BEGIN SUPPLIED RECORDS

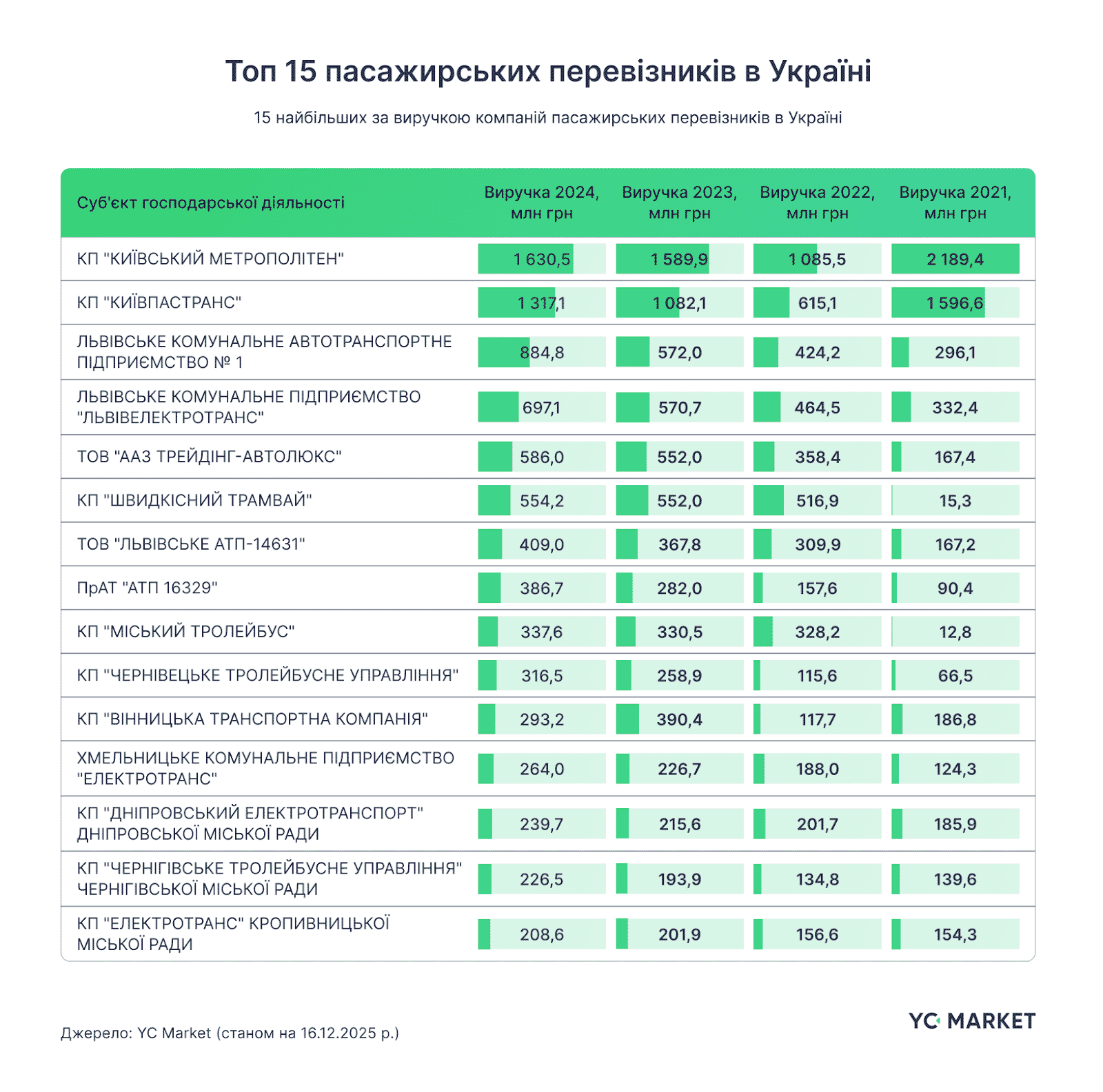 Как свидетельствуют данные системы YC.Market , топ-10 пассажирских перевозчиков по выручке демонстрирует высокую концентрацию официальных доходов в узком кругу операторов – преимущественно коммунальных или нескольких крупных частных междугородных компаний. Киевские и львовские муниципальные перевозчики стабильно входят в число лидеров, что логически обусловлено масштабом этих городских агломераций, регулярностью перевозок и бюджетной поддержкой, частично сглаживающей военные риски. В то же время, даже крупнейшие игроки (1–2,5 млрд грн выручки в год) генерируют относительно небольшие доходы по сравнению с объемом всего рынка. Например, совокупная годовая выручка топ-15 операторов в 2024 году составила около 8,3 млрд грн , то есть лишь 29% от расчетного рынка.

END SUPPLIED RECORDS
BEGIN SUPPLIED RECORDS

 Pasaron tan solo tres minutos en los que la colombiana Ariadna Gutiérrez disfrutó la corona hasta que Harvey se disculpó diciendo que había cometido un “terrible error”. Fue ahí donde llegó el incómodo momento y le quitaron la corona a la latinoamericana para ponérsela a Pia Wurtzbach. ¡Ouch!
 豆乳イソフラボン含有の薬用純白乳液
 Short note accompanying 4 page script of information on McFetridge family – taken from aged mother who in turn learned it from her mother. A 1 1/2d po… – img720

END SUPPLIED RECORDS

[TASK REQUIREMENTS]
Look in the material above for the line with "豆乳イソフラボン含有の薬用純白乳液" and the line with "Short note accompanying", and transcribe exactly those lines and all lines between them, nothing more.

[WORKED SOLUTION]
 豆乳イソフラボン含有の薬用純白乳液
 Short note accompanying 4 page script of information on McFetridge family – taken from aged mother who in turn learned it from her mother. A 1 1/2d po… – img720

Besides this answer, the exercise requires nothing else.